Monday, 8 July 2019

Viral Pathogenesis

Viral Pathogenesis

Viral Pathogenesis

Introduction to Viral Pathogenesis

While the title of Zinsser’s classic volume Rats, Lice and History may trigger a wry smile, the ideas proposed in this classic volume about pathogens and the diseases they cause remain as relevant today as when they were published in 1934. As Zinsser argued, the global impact of pathogens, including viruses, has shaped human history as much as any war, natural disaster, or invention. This view may seem an exaggeration to today’s student of Virology, who probably perceives most viral infections as annoyances that cause unpleasant side effects and may result in a few missed classes or days of work. But in the context of history, epidemics of smallpox, yellow fever, human immunodeficiency virus, and influenza have resulted in an incalculable loss of life and have changed entire societies. Smallpox alone has killed over 300 million people, more than twice the number of deaths from all the wars in the 20th century. Huge empires fell to a relatively small number of invaders, in part because the conquerors inadvertently introduced viruses that crippled the empires’ defense forces. Although vaccines and antivirals have reduced, and even eliminated, some of these scourges, a recent influenza pandemic, the alarming number of human cases of Ebola virus in Africa, the lack of success in developing a human immunodeficiency virus vaccine, the resurgence of vaccine-preventable infections, and the emergence of “new” human viral pathogens, such as the coronavirus that causes Middle East Respiratory Syndrome, remind us of the challenges we still face. Of equal importance, while populations in resource-rich countries may be generally protected from some former viral foes, infections with vaccine-preventable viruses, including measles, polio, and hepatitis B virus, remain prevalent in countries that lack the money or infrastructure to ensure widespread vaccination.

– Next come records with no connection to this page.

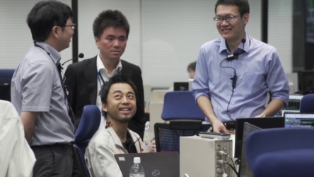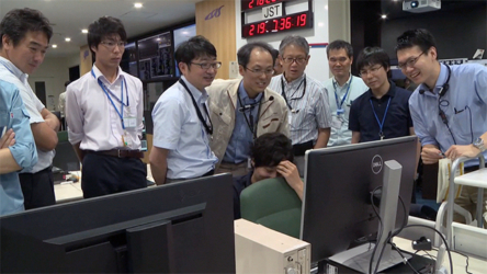「はやぶさ2」MINERVA-II1 分離確認後のメンバーの様子(4)(寄り)(2018/9/21)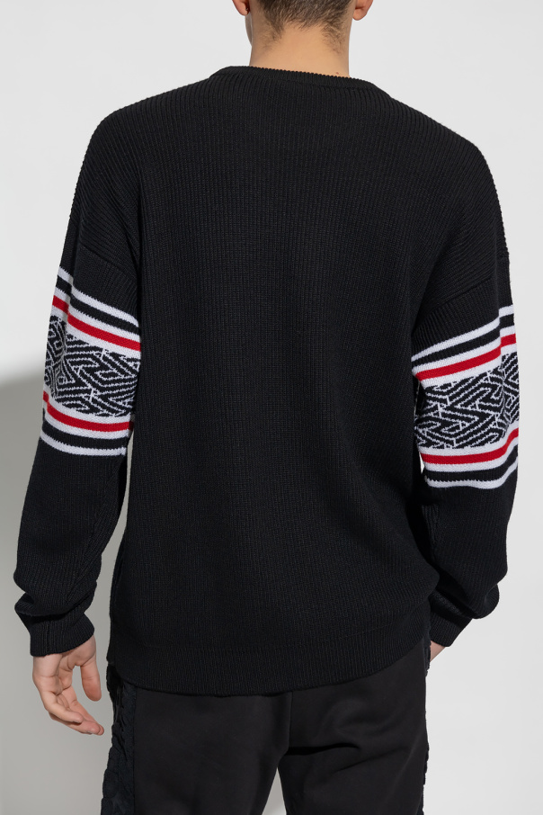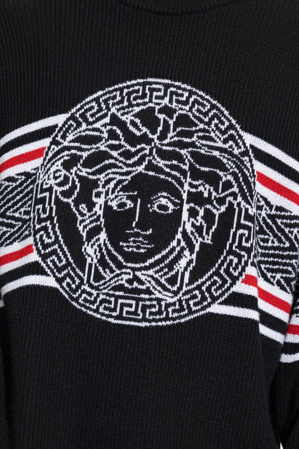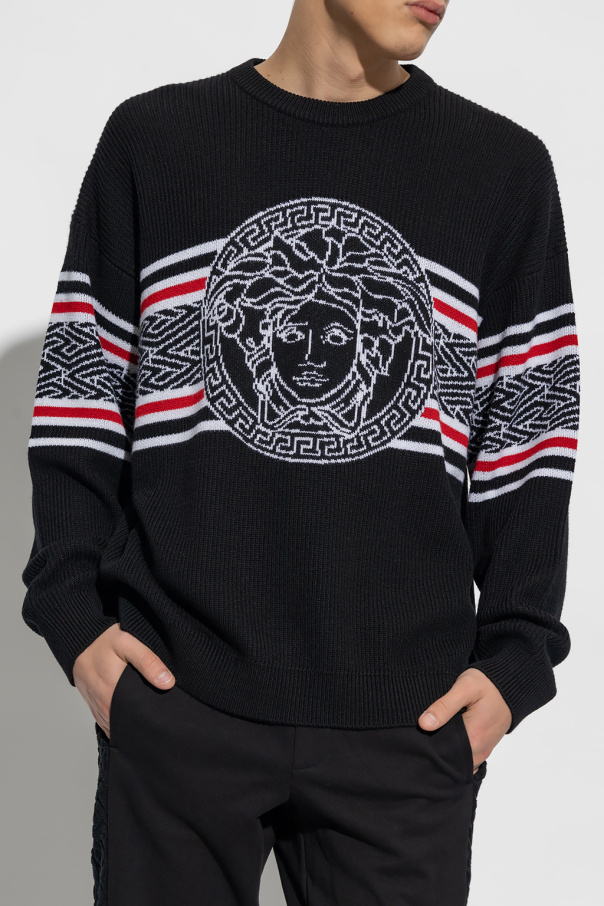 Red, white and red sweater from Versace. Made of virgin wool, this design features a crew neck, long sleeves, ribbed edges and jacquard La Greca Medusa pattern on the sleeves and front.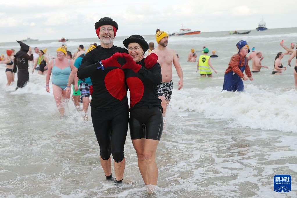 當日,比利時港口城市奧斯坦德舉行傳統的“跳海慶新年”活動,眾多參加者身著各式服裝跳進北海,期盼在新的一年擁有強健的體魄。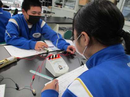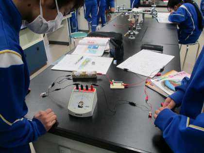 10/22(金) 2年生(理科)「直列、並列回路の電流」 公開日 2021/10/22 更新日 2021/10/22 Rできごと 豆電球を直列つなぎにした時、並列つなぎにした時、それぞれの場所で電流がどのようになるか、予想を立ててから測定します。 直列回路では電流の大きさは全て同じでしたが、並列回路では・・・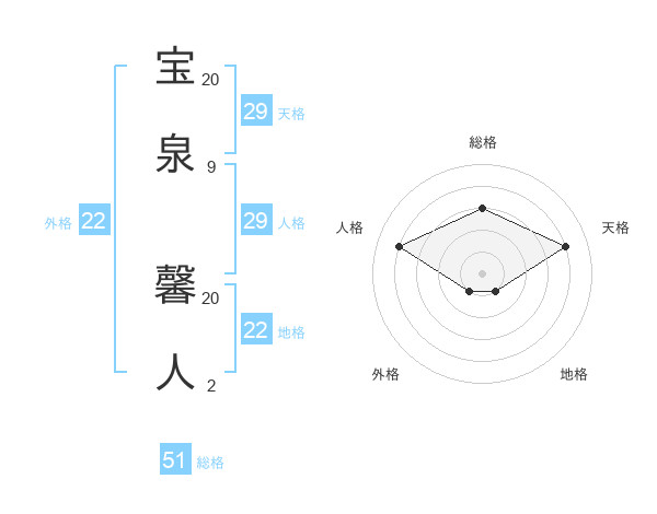 宝泉 馨人さんを姓名の画数から五運を鑑定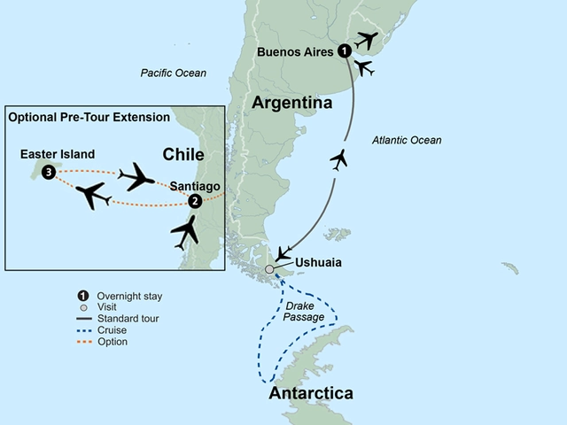 An overnight flight takes you to Buenos Aires, the launching point for your adventure into Antarctica.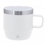 Kubek 180 ml z rączką, posiada ceramiczną powłokę wewnątrz oraz podwójne ścianki, które spowalniają oddawanie temperatury na zewnątrz, produkt wykonany z ceramiki i stali nierdzewnej z recyklingu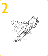 | まず、芝生の周囲や、堀、庭石、立ち木のキワなど、芝刈り機で刈れないところを「芝生ばさみ」で刈り込みます。 |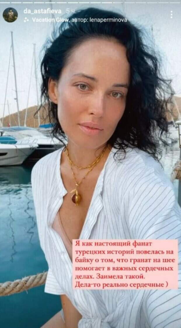 Недавно артистка прогулялась на причале и показала новый сувенир, который якобы должен помочь ей в любовных делах. «Я как настоящий фанат турецких историй повелась на байку о том, что гранат на шее помогает в важных сердечных делах. Заимела такой. Дело-то реально сердечные» - с долей юмора подметила Даша и показала свой новый кулон-украшение. Также артистка поделилась новой серией фото на своей странице в Инстаграм. На снимках Даша в экстравагантном колье позирует на камеру. На ней минимальное количество макияжа, что подчеркивает её натуральную красоту. "То, что ты ищешь тоже ищет тебя.Фраза из книги, которую я читаю. Мои новые истории объясняют то, что съедая тебя изнутри, сделало уже многоэтажки вопросов без ответов…", подписала публикацию артистка. Напомним, Астафьева в наряде из серебристых цепочек показала, как выглядит чувственность. Как сообщала Politeka, Астафьеву на отдыхе неожиданно раздели, показав декольте крупным планом. Также Politeka писала, что Астафьева в леопардовом купальнике неожиданно заговорила об опасностях на отдыхе.

The ways by which viruses cause diseases in their hosts, the tug-of-war among viruses and the host’s defenses, and the impact that viral epidemics have had on human and animal populations are therefore not just interesting academic pursuits but rather life-and-death issues for all organisms. That said, it is important to bear in mind this critical fact: pathogenesis (the basis of disease) is often an unintended outcome of the parasitic lifestyle of viruses. As is true for humans, selective pressures that control viral evolution act only on the ability to survive and reproduce. From this perspective, one could argue that the most successful viruses are those that cause no apparent disease in their natural host.

In the first article of Volume I, we recounted an abbreviated history of virology and described milestones that established the foundation for our current understanding of viral reproduction. In this article, we return to history, focusing on watershed events that catalyzed the fields of viral epidemiology and pathogenesis. Subsequent articles in this volume will consider the impact of viral infections on individual hosts, tissues, and cells. Our goal is to build on the principles of viral reproduction that were established in Volume I to provide a comprehensive and integrated view of how viruses cause disease in single cells, discrete hosts, and large populations.

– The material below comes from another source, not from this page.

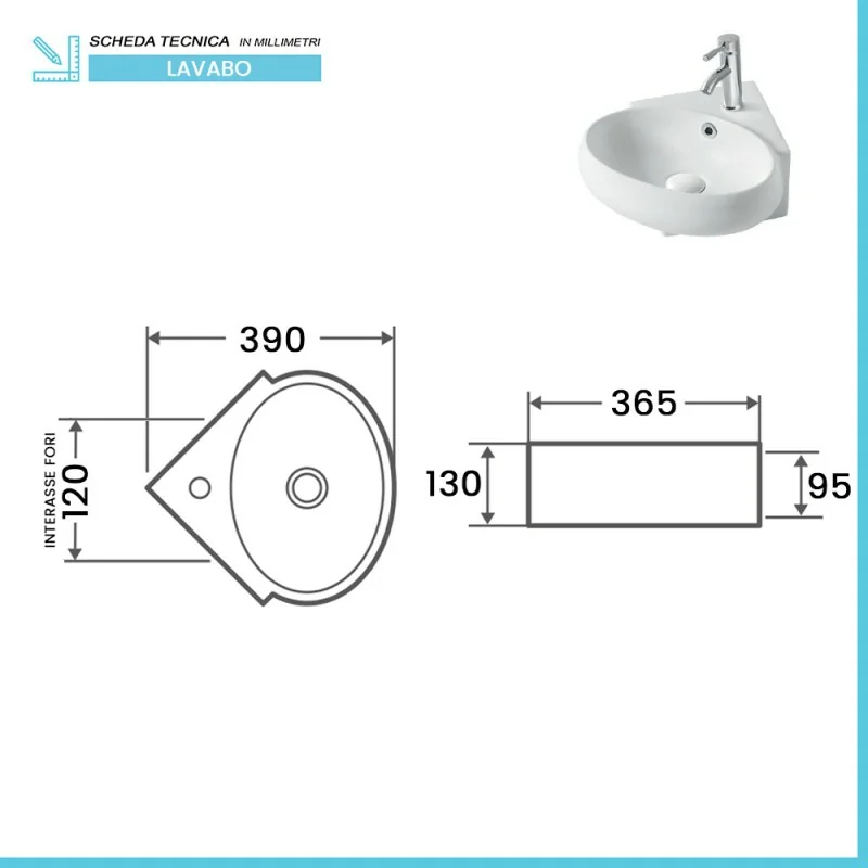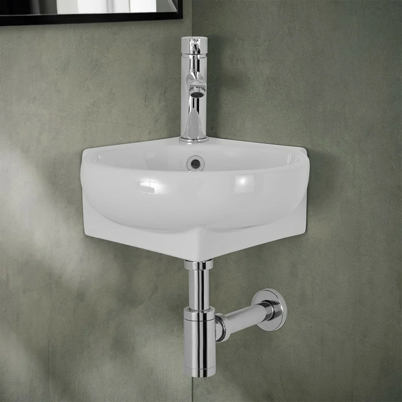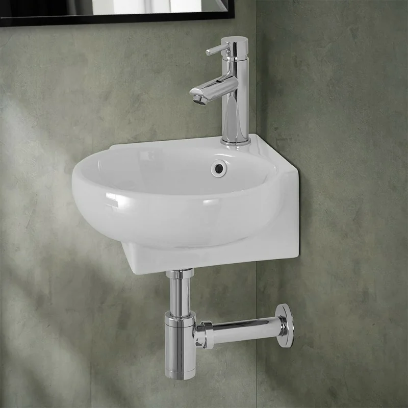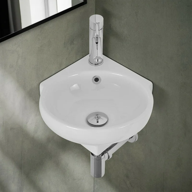 Lavamani piccolo ad angolo con installazione sospesa,troppo pieno e foro miscelatore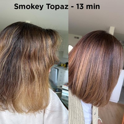 I used the Smoky Topaz for 13 min to help refresh my hair. I have highights and have been dying by greys at home, but the high/low leves were getting too harsh. Overall I like the results. It definately picks up a almost deep purple/pink hue (I noticed this in some of the pics online), but I dont think most people really notice that. I'll see how it fades and go from there.

A Brief History of Viral Pathogenesis

The Relationships between Microbes
and the Diseases They Cause

Long before any disease-causing microbes were identified, poisonous air (miasma) was generally presumed to cause epidemics of contagious diseases. The association of particular microorganisms, initially bacteria, with specific diseases can be attributed to the ideas of the German physician Robert Koch. With his colleague Friedrich Loeffler, Koch developed four criteria that, if met, would prove a causal relationship between a given microbe and a particular disease. These criteria, Koch’s postulates, were first published in 1884 and are still used today as a standard by which pathogens are identified. The postulates are as follows:
• the microorganism must be associated regularly with the disease and its characteristic lesions but should not be found in healthy individuals;
• the microorganism must be isolated from the diseased host and grown in culture;
• the disease should be reproduced when a pure preparation of the microorganism is introduced into a healthy, susceptible host; and
• the same microorganism must be reisolated from the experimentally infected host.
Guided by these postulates and the methods developed by Pasteur for the sterile culture and isolation of purified preparations of bacteria, researchers identified and classified many pathogenic bacteria (as well as yeasts and fungi) during the latter part of the 19th century. Identifying a cause-and-effect relationship between a microbe and a pathogenic outcome set the stage for transformative therapeutic advances, including the development of antibiotics.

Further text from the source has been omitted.